A band like this in California would produce something pagan and hippy (like My Barbarian). A band like this in New York would produce satanic metal, and a band like this in the Midwest might produce something nerd-core. But in the fertile indie ground of Portland, they produce something gilded and unique. (However, before Isaac claims yet another victory for the Pacific Northwest, I should point out that lead guitarist Chris Funk — as seen on The Colbert Report — is from the other Northwest - Northwest Indiana, specifically my hometown of Valparaiso.) The album starts off with the epic "The Infanta", telling a story about princes and dukes and whatever, I'm still not sure what he's saying. But it's exciting, melodic, and the East Indies influenced style makes you feel like you're watching an old 70s film like Lawrence of Arabia or The King and I or something similarly exotic. I also want to note that while his voice is not perfect by any means, it's still an excellent voice that is made better simply by the singer's confidence. It's put up front in the mix and is clear and understandable, something you don't see too often in modern music.

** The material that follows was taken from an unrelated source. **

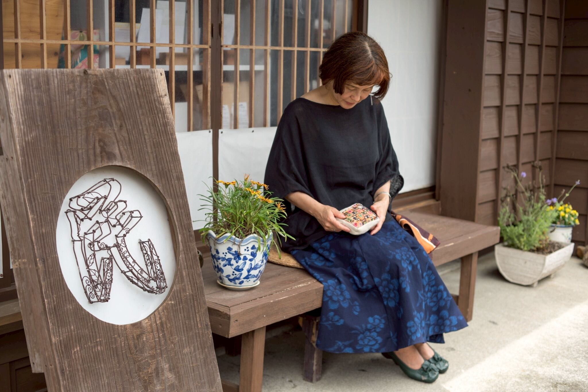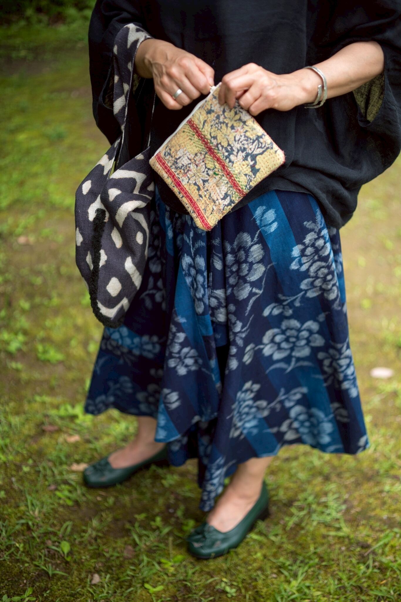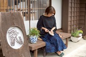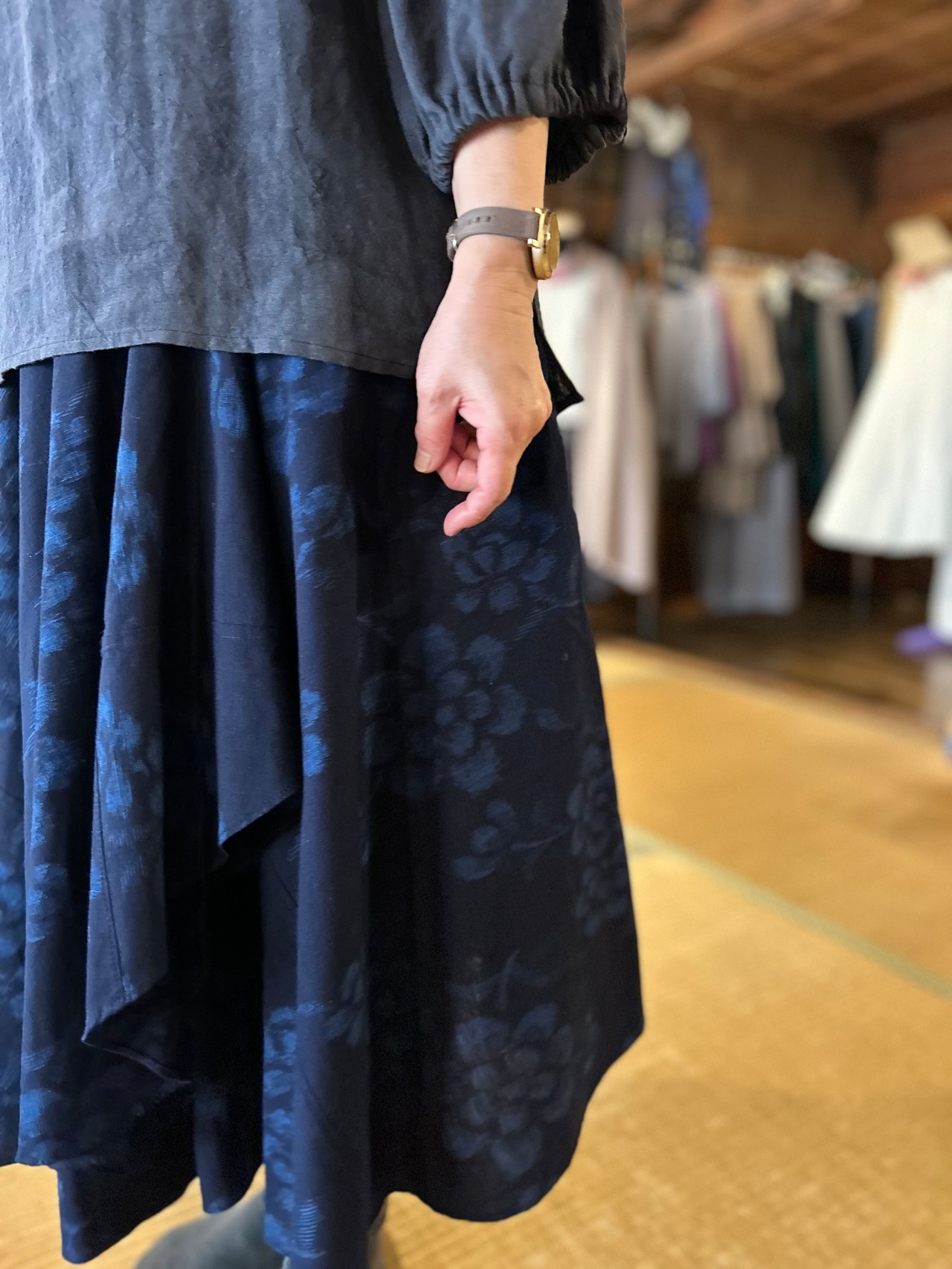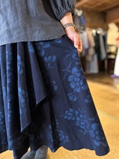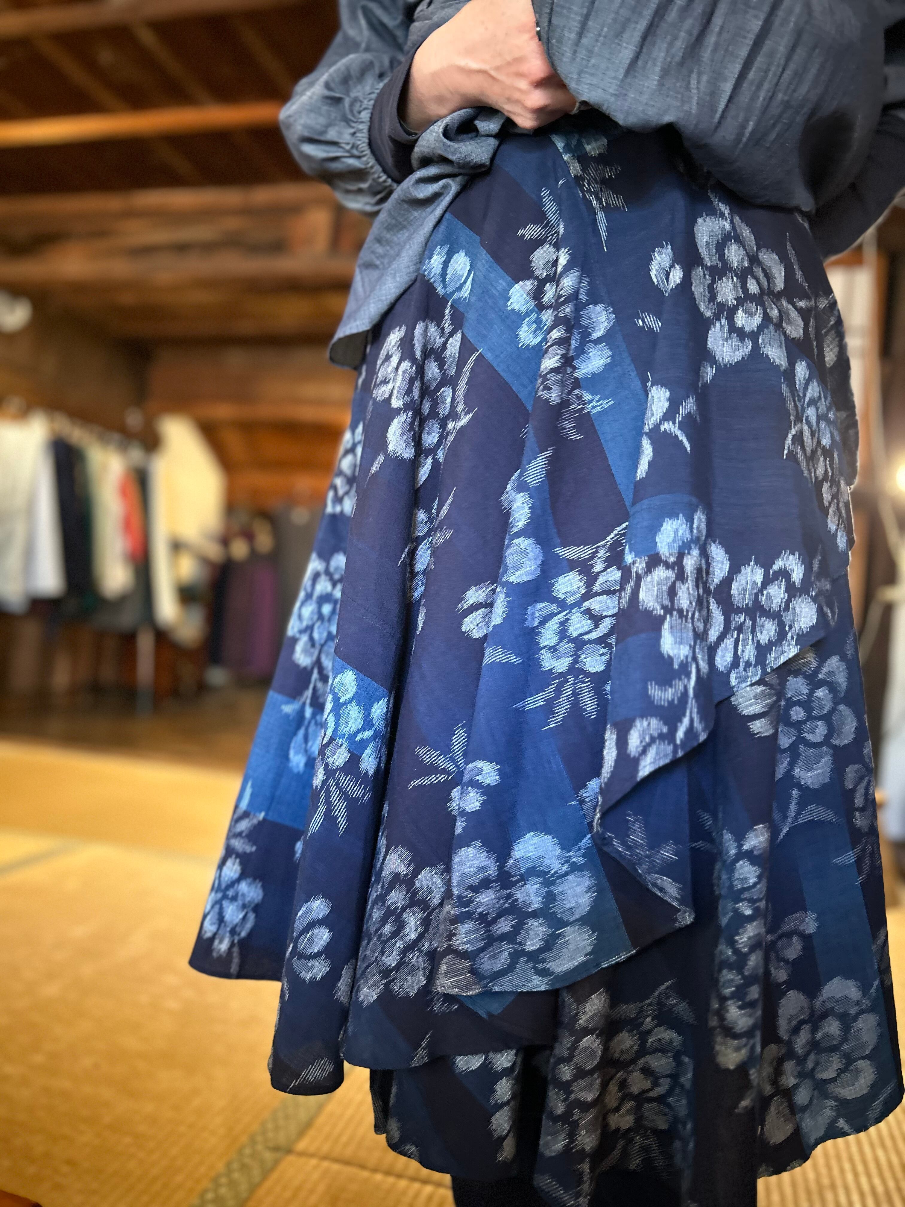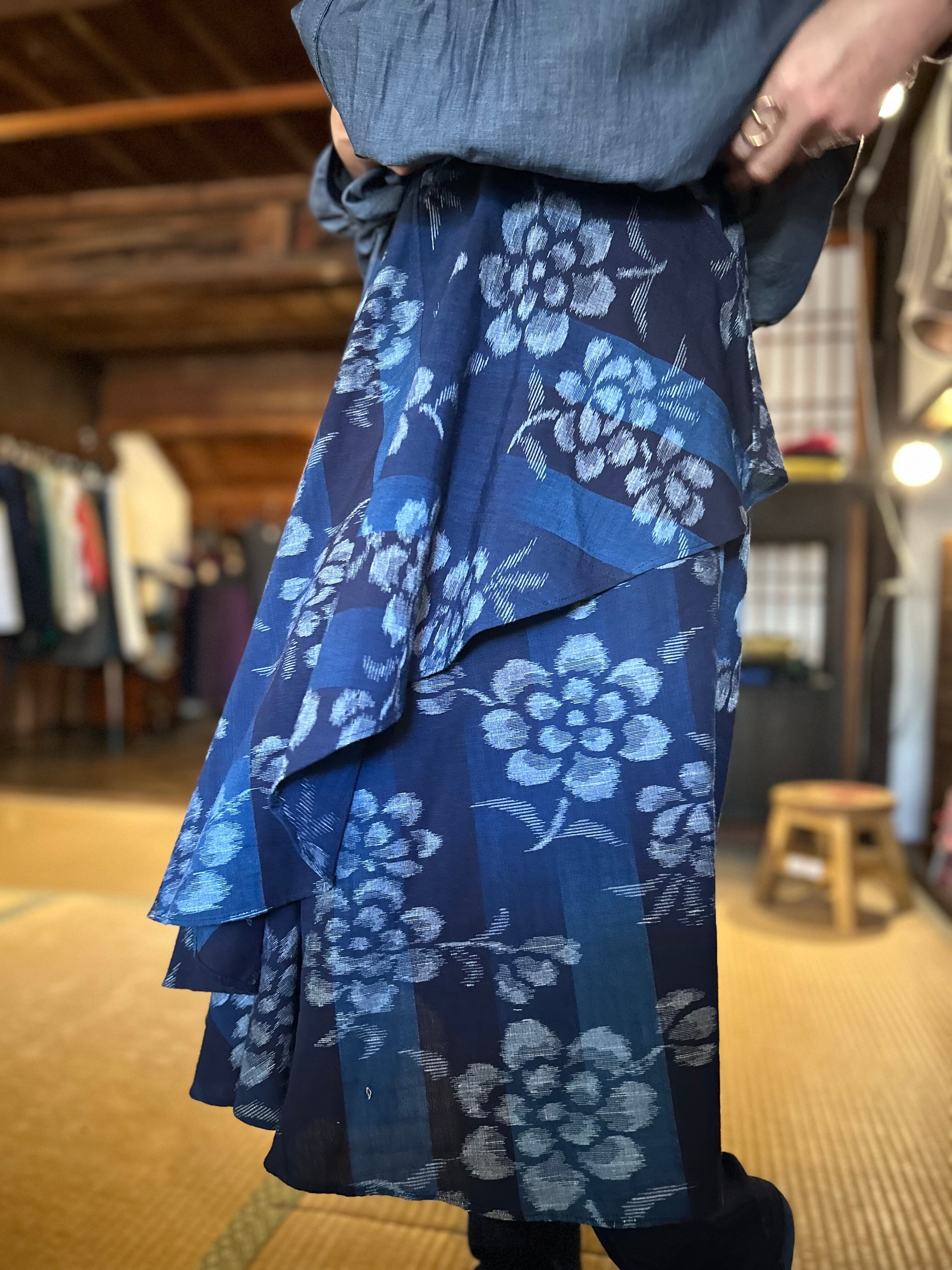 SUEMI作品。久留米絣100%の巻きスカート。腰回りはフックとボタン付きです。フックとボタンの位置である程度のサイズ調節が可能です。丈75cm。背が低い方、細身の方におすすめです。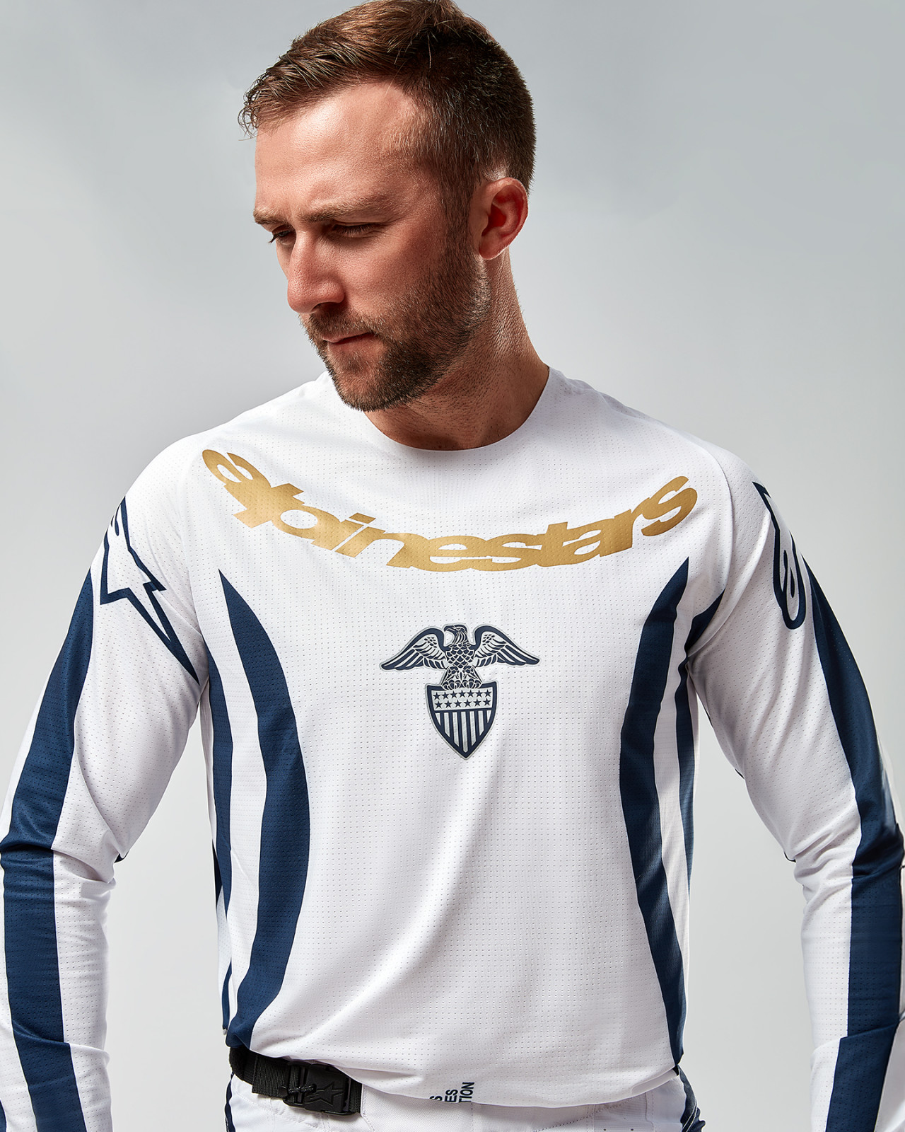The Dress Whites | Tropical design combines a unique military style and elegance with luxurious premium gold accents, logos, and Alpinestars wordmarks. A fitting tribute to Alpinestars’ world-renowned team of athletes, the combination of white, navy blue, and gold color accents has long been considered a visual representation of both courage and perseverance, two attributes these riders share heavily with the military heroes of this country.

The rest of the album is a journey and interesting to listen to. Sometimes it's the album's lyrics, sometimes it's the music alone that is engaging. It helps that The Decemberists are excellent storytellers, like "The Sporting Life", a song odd in that it doesn't talk about the exotic, but rather football, in telling the story of a young high school player who injures himself on the field. A very innocuous-seeming scene, but it's told in a simple yet engaging fashion. But taken too far, it can backfire: the lowest point on the album comes in "Espionage", a very long story about a spy and his lover. The song starts off well enough, but it drags on with a plodding verse. After you think the song might end, it inexplicably spirals into a failed attempt at some kind of string crescendo which ends in more of the verse. It's disappointing, because the song would have really worked with some editing.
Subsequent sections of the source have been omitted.